Tara Bynum

Tara Bynum

Tara Bynum

 

    2018-2019 Hodson Trust-John Carter Brown Fellow Tara A. Bynum is a scholar of early American history, in particular African American literary history, Tara A. Bynum is currently an Assistant Professor of English & African American Studies at the University of Iowa. Her research and writing examine the many ways that people experience blackness as a racial identity, as a cultural category or as mark upon the skin. Bynum’s essays have appeared in Common-Place, Legacy, J19, Criticism, and American Periodicals.  

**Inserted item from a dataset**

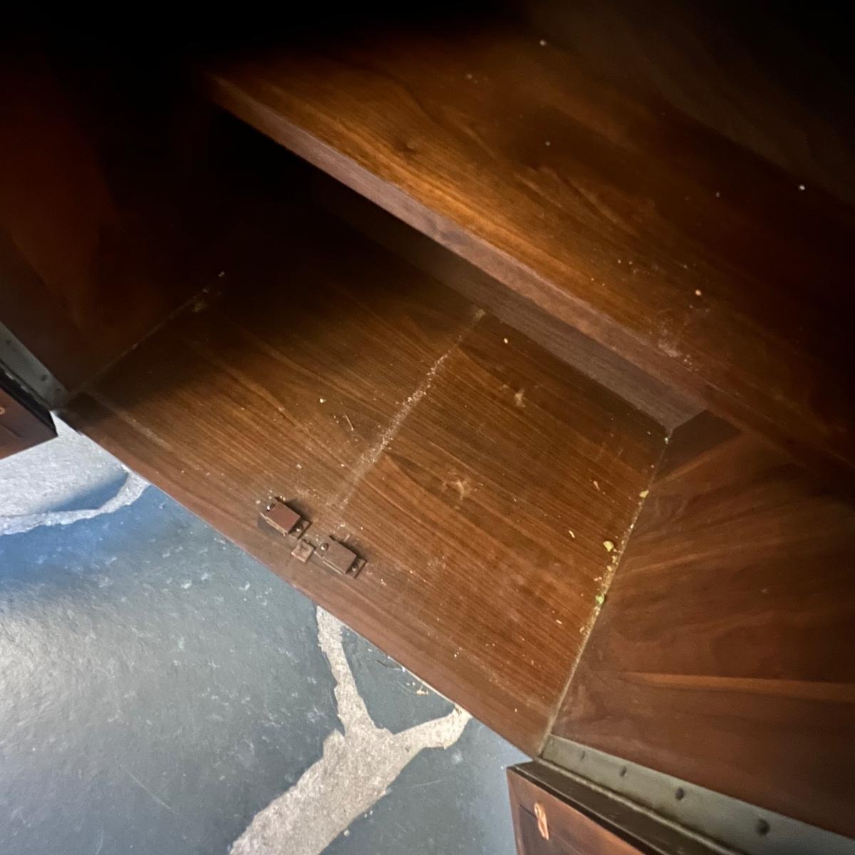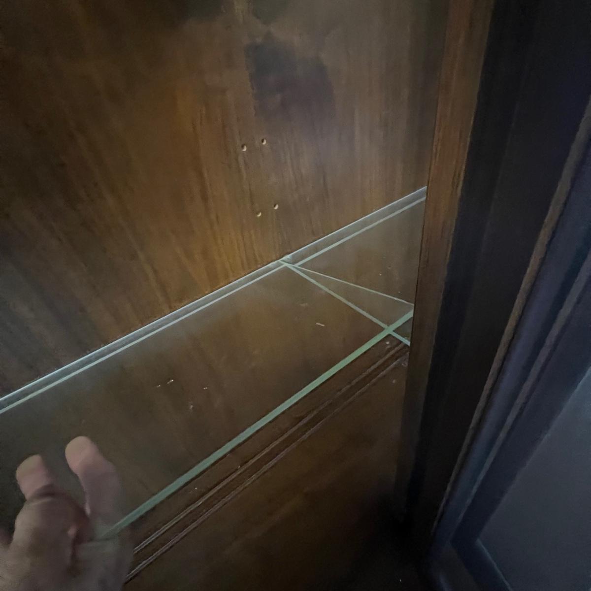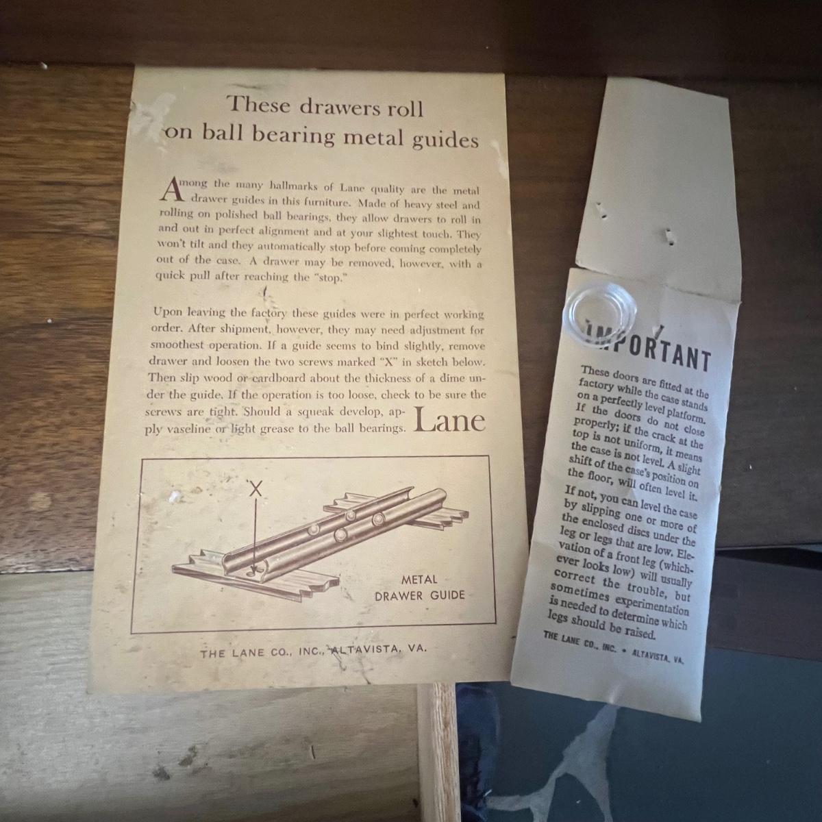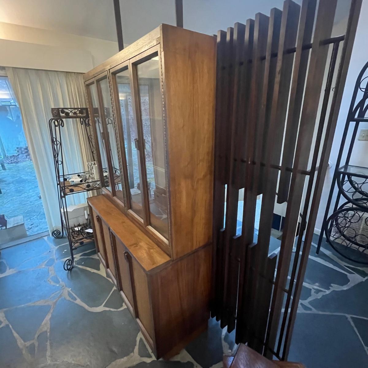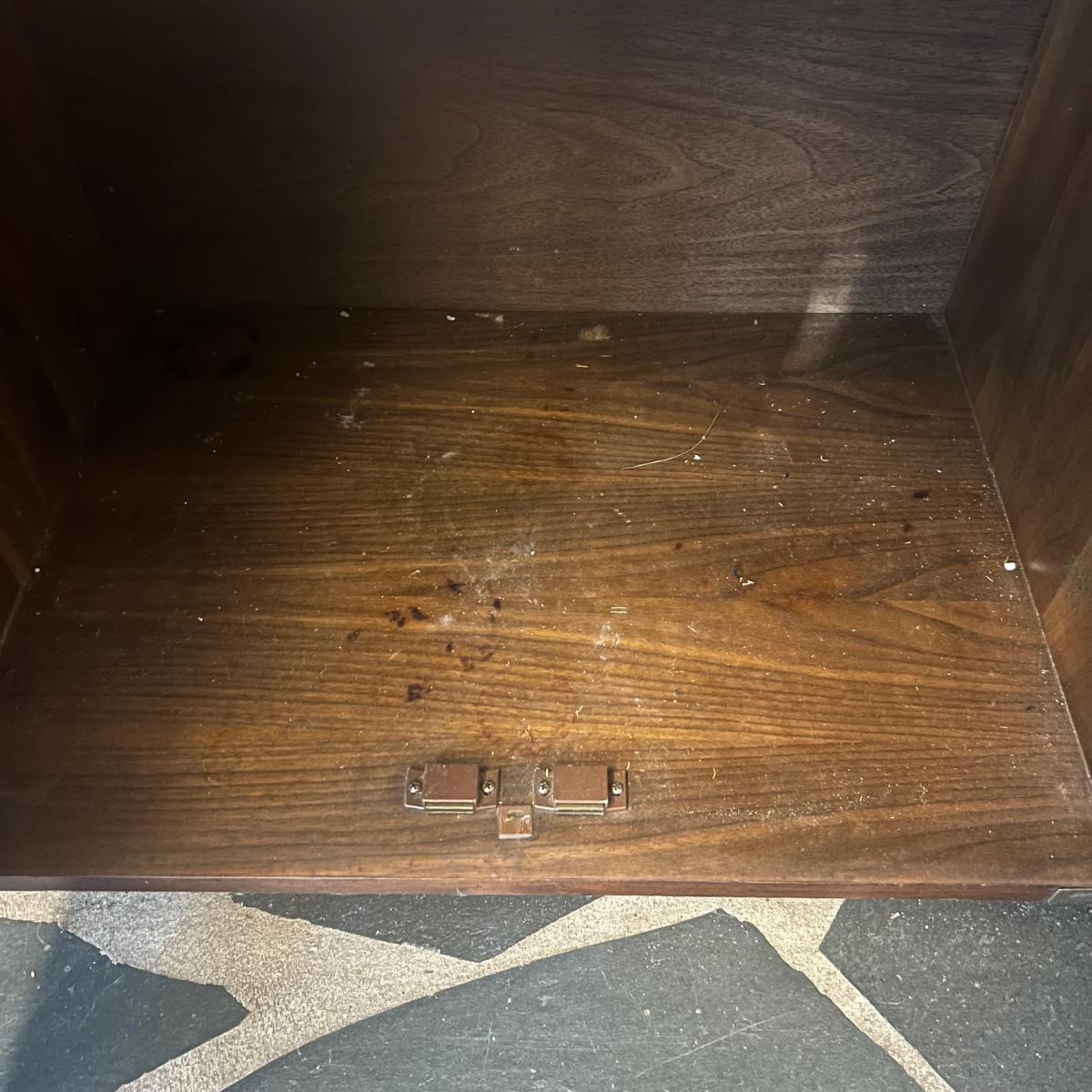This Lane hutch is two sections; upper section just sits on top of the cabinet which has woven cane door fronts and what appears to be aged brass pulls and corner plates. Right cabinet has a shelf with the left side having one spacious drawer with dovetailed joints (minor blemishes, see images). The display case has lights and glass shelves with plate rails.

    While in residence as a Hodson-Brown fellow, Bynum revised her book project, Reading Pleasures (under contract, University of Illinois Press’ New Black Studies series) and mining the many primary sources for those stories that contextualize this literary history. Reading Pleasures parses the archive to interrogate the many ways that people experience blackness as a racial identity, as a cultural category, or as a mark upon the skin. It moves beyond “black” as a category of resistance in order to historicize racialized materiality in the everyday lives of revolutionary-era black people. At a time when Twitter responds to the deaths of unarmed black men and women with #blacklivesmatter, this work charts a “historiography of experience” and a historiography of the ways in which black lives have always mattered to black people. It questions, very specifically, what makes life matter in the writings of Phillis Wheatley, John Marrant, James Albert Ukawsaw Gronniosaw, and David Walker. And, what matters in their sermons, letters, or narratives—namely, friendship, faith, love or activism—oftentimes feels good, and this good feeling happens in those inside spaces where they can and do feel freely.